[v15,22/23] PCI: starfive: Offload the NVMe timeout workaround to host drivers.

Message ID 20240218101921.113528-7-minda.chen@starfivetech.com
State New
Headers
Series [v15,01/23] dt-bindings: PCI: Add PLDA XpressRICH PCIe host common properties |

Commit Message

Minda Chen Feb. 18, 2024, 10:19 a.m. UTC
  From: Kevin Xie <kevin.xie@starfivetech.com>

As the Starfive JH7110 hardware can't keep two inbound post write in
order all the time, such as MSI messages and NVMe completions.
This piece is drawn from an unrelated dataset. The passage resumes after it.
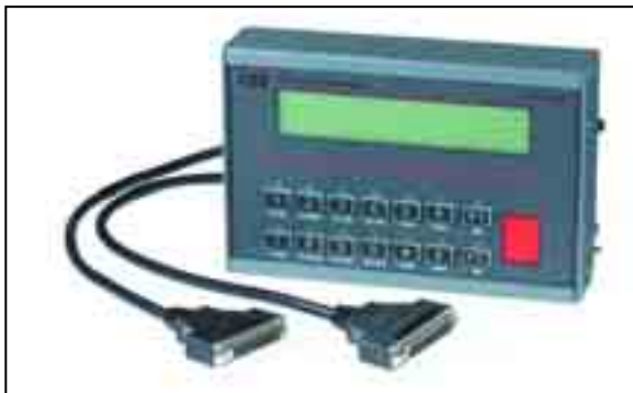
RDN7368A Mobile Display Terminal

If the
NVMe completion update later than the MSI, an NVMe IRQ handle will miss.

As a workaround, we will wait a while before going to the generic handle
here.

Verified with NVMe SSD, USB SSD, R8169 NIC.
The performance are stable and even higher after this patch.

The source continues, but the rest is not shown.